Ranking in search results anywhere, as with all software, is based on
defining certain rules that will be followed to order the results.
Even in Google, citation (link) analysis is actually just one small part
of the rules; it's the one they are most famous for, because it's the
big innovation that let their search results satisfy users so much
better than the competition when they first started. Even then it wasn't
the only component in the rules, and since then Google has added all
sorts of other tweaks too. The details are carefully guarded by
google, but if you search around (on google, heh) you can find various
articles (from google and from third party observers) explaining some of
the basic concepts. Commercial online businesses are of course
especially interested in reverse engineering googles rules to get their
pages to the top.
Even looking at the link analysis aspect of google, the key innovation
there was not actually to put "popular" (oft linked to) sites first.

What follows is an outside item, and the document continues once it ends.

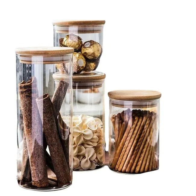 Frasco de vidrio borosilicato con tapa hermética de Bambú.

They do that, but the actual genius element of google citation/link
analysis was that the words people use in a link pointing to a site are
very useful metadata describing that site -- the words many people use
to describe a site, will probably average out to often match the words a
searcher might use when looking for content like that site. That's
really the genius element there.
No matter what, this kind of ranking is an attempt to give users
something that satisfies their needs when they enter some words in a
search box -- all you've got is the words, which are kind of a surrogate
for what the user really wants, and you try to figure out how to make
most of the users satisfied most of the time. The fact that we all use
Google every single day and find it invaluable shows that this is
possible. But it's _definitely_ an 'opinionated' endeavor, trying to
make your system satisfy as well as possible in as many searches as
possible -- it's not like there is some physical quantity
"satisfactoriness" which just has to be measured or something, it's
software tricks to try and take a users query and, on average, in as
many cases as you can, give the user what will satisfy them. [For that
matter, it occurs to me now, philosophically very very similar to the
reference interview -- the user _says_ something, and you need to get at
what they really want/need. The difference is that in software it all
needs to be encoded into guidelines/rules/instructions/heuristics for
the software, you don't get to have a human creatively having a
conversation with another human].
Some folks at the university of wisconsin provided an accessible summary
of how their Solr-based experimental catalog does results ordering, that
you may find helpful. (Solr is open source software for textual search
that many of us are using to develop library catalog search interfaces).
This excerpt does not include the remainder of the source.